I’m really trying to wrap my mind around this. I understand some individuals hold this view and perhaps quite a few more are sympathetic to it, as evidenced by the handful of comments about “Utah culture”, etc.
I suppose it’s insensitive of me, but I can’t help but chuckle at whose view these self-proclaimed open minded, tolerant people are espousing. Is it the view of their culture? I would guess when it comes to marriage and LGBT, the LDS church is much much much more faithful to their traditional culture’s views.
Utah then becomes a proxy for traditional. And what we’re seeing is the cult of modernity (for lack of a better word) being substituted for traditional beliefs. But who has been the biggest espouser of LGBT and gay marriage other than Hollywood and academia, which in recent decades has been adopted as a political platform to acquire and maintain power by various parties*?
The point is, it’s outrageous to get upset at the church for pushing “Utah” culture on to any particular nation with regard to LGBT type issues when LGBT is its own culture that is being pushed on every single nation and political body in the western hemisphere. Talk about hegemony.
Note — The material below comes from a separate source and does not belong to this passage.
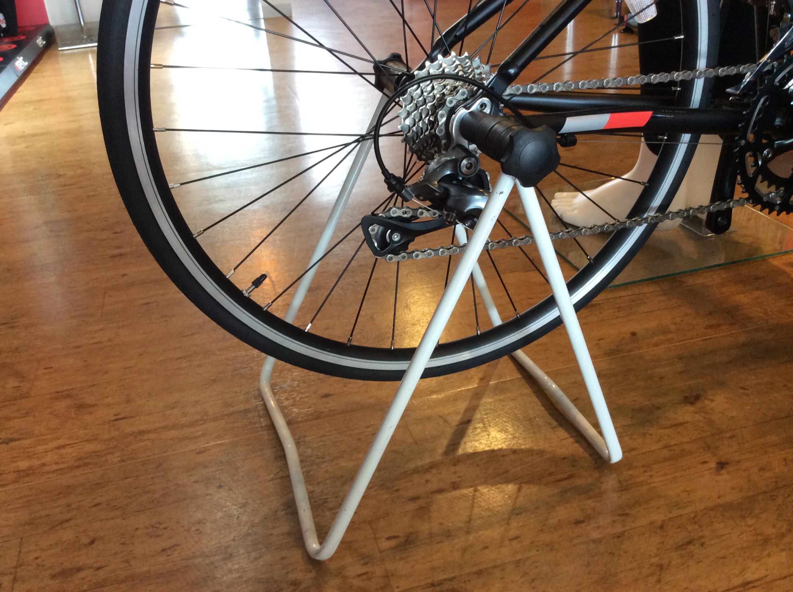 従来のA型スタンドは後輪軸を挟んで固定するので、

*really, I’m not sure how you could spin President Obama, the Clintons, etc. otherwise, but that’s besides the point.
I also think increasing the number of foreigners in Apostolic positions and prominent seventies positions would benefit the church immensely.
Wilfried (11), thanks for taking the time to reply to my comment. You are right that many countries do place restrictions on proselytizing, and perhaps should (at least temporarily), as a means of keeping the peace in religiously tense environments. It should be noted that the LDS church does respect these laws and does forbid its missionaries to proselytize people of some religions, such as Muslims and Hindus, in places such as India, Nigeria, Cote d’Ivoire, Malaysia, and Indonesia, which have or have had missionaries who are instructed to proselytize only Christians. I think that ideally the right to proselytize should be protected, as long as the proselytizing is not coercive and manipulative (of course, it is often difficult to which tactics are coercive or manipulative and which are not). But I don’t see anything inherently wrong with actively seeking out people to share information with and inviting them to participate in collective activities. I think that religious communities who react very strongly and harshly to proselytizing and conversion need to change. They need to learn that intimidation, threats, shunning, and all signs of open hostility are plain wrong and that the only just way to counteract proselytizing and conversion is with counterinformation.
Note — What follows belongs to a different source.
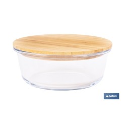 Set de 2 Fiambreras Redondas de Borosilicato | Modelo Bambú | Tapa de Bambú | Capacidad 620-950 ml
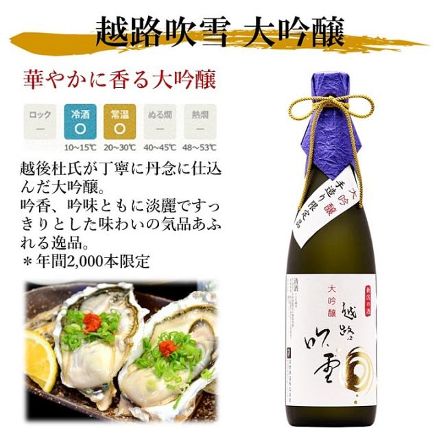 日本酒 大吟醸 越路吹雪 720ml 限定品 新潟 高野酒造 / お中元 お歳暮 お年賀 父の日 プレゼント ギフト 日本酒 辛口 お酒 贈り物 のし可 酒 地酒 ワイングラスでおいしい日本酒 金賞 プレミアム お祝い 退職祝い 内祝い お礼 お返し

DQ (37), the “marketplace of ideas” model isn’t necessarily a form of relativism. It is the idea that the ideal society should protect individuals’ freedoms to believe what they may, to assemble with others of a similar belief system, and to practice their beliefs to the extent that they are not impinging upon others’ freedoms. According to this model, Hindu society in present-day India would be frowned upon for restricting the free practice of religion. A relativist model would hold that Hindu culture is correct in imposing the caste system and restricting individuals’ freedoms of belief and religious practice (including the freedom to not be a Hindu and not be beholden to the religious traditions of his or her family) because that is simply the cultural norm, and who are we to say that certain cultural practices are wrong? So I agree that cultural relativism is a most pernicious philosophy, but it seems that when the “marketplace of ideas” model is taken to the extreme, it would be the exact opposite of relativism.
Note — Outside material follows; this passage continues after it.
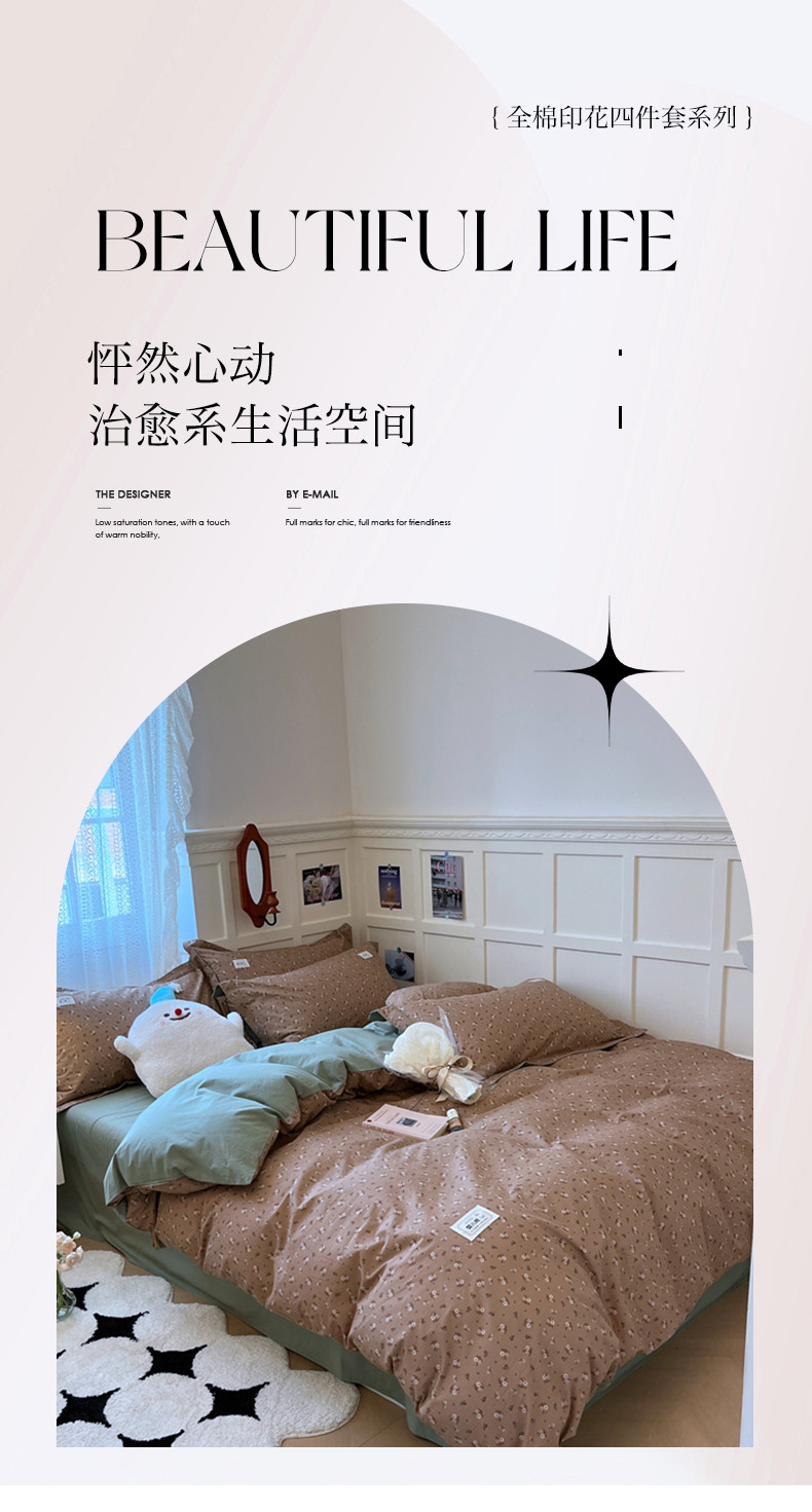 米粒家纺 2023新款全棉印花四件套系列 香露-棕

You are also right that in suggesting that certain forms of secularism do restrict religious freedom. Models of secular governance in Turkey, China, the Soviet Union, and the former communist block countries are good cases in point. However, the US constitution is arguably a secular document since it stipulates that the state should make no law regarding the establishment of a religion. Yet it is a more enlightened document than the models of the above-mentioned states since it contains a free exercise clause thus allowing freedom of conscience, belief, and religious practice. The LDS church in fact owes its existence largely to secularism. Furthermore, the LDS church implicitly values secularism since secular states are more likely to allow the church to perform missionary work within its borders as opposed to religious states. Regimes in Saudi Arabia and Iran have to be the least tolerant of missionary work.
Wilfried: Excellent article. Families are torn apart to varying degrees through the conversion process. When my parents converted, my mother’s parents blamed my father and my father’s parents blamed my mother. Neither set of my grandparents were terribly religious although they belonged to a church, but they saw my parents becoming very involved in a church and to some extent that level of commitment and participation itself was the reason for suspicion and distance in the relationship. My grandparents felt they were taking religion too seriously. I have a brother-in-law who joined the church in his 20s and his mother was bitter and the relationship was strained until her death, decades later.
Living in Singapore, missionary work was much more passive than in Spain where I served, perhaps because multi-culturalism is valued without trying to homogenize groups of people. The American way is the “melting pot” model, creating a new cultural identity and letting go of immigrant identities. That’s the opposite of how it was in Singapore where both racist assumptions about groups of people and respect for diversity seemingly flourished side by side without much conflict. The church definitely follows the American “melting pot” model which makes the conversion process even more painful outside the US where not only religious beliefs but even cultural practices (which are often more closely tied together) may be subsumed in the conversion process. It can be a total rejection of one’s family: religious, cultural, and social. For many, that cost is worth it.
But there are probably two things that would help: 1) making sure we help newly minted converts navigate their relationships with sensitivity, and 2) letting go of some of our cultural colonialism that further erode ties between converts and their unconverted families. These are the growing pains of a globalizing church, and why Catholicism varies more by country than Mormonism does.
“But the church also carries, as you said, “other things that are Utah culture”, even if they come under the guise of commandments or expected behaviour.”
I see more “American” culture than “Utah” culture, but then I’m not American – and my experience of living in the US was in Utah, so I guess the subtleties of American sub-culture aren’t so obvious to me.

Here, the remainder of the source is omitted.